If the statistic is pegged near 1 for two populations so close together in terms of genomic composition, it doesn't have much higher to go for populations that are more distantly related (e.g., Russians and Yorubians). This would make it poor for measuring differentiation.

I'm glad you agree with me re:ADMIXTURE - that was my point as well, that ADMIXTURE (and similar programs) have a very different aim.

Dienekes said...

If the statistic is pegged near 1 for two populations so close together in terms of genomic composition, it doesn't have much higher to go for populations that are more distantly related (e.g., Russians and Yorubians). This would make it poor for measuring differentiation.
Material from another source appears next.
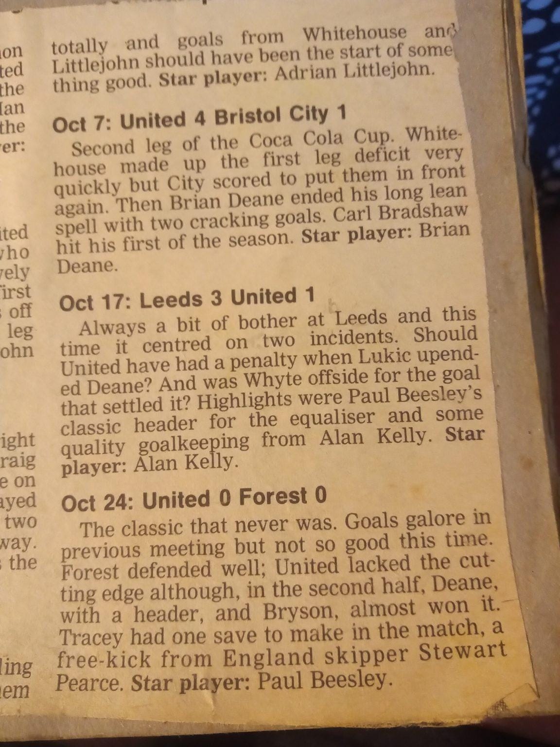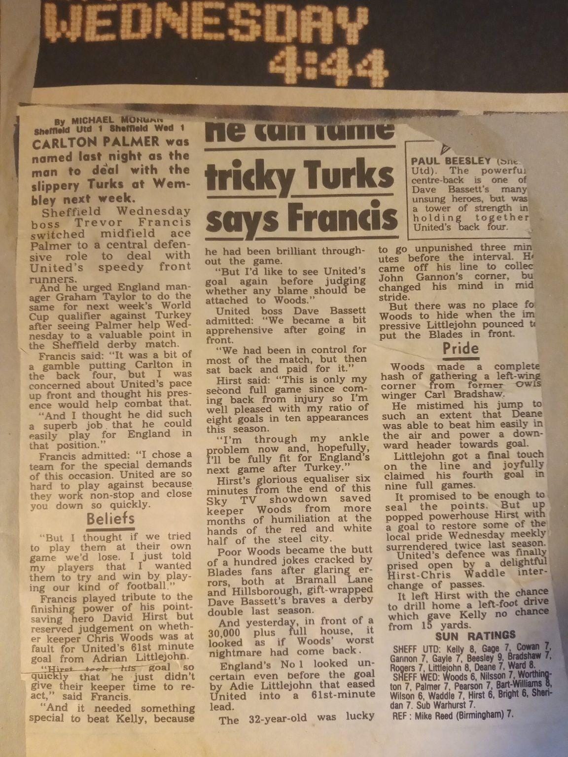 Then came the first Sheffield Derby of the new season. Unfortunately this one did not hit the heights of the previous two as the shares were spoiled in a 1-1 draw. The Sun decided to use this game to make a seven paragraph case for Carlton “Leighton” Palmer to be included in the England team. It really is a wonder why we did not qualify.

It doesn't measure differentiation across the entire range of Homo sapiens; it can be seen as marking a set of populations whose members can be genomically closer to a given population, and ordering those.

truth said...

Hi, in the future could you make a table with all populations, and also if possible between dodecad members ?

Dienekes said...

Between Dodecad members is not possible, because this is a between-population measure.

As for that big table, I may eventually do it, even though it's quite time consuming to merge the various files, calculate the IBS matrix, and run the gamma calculation.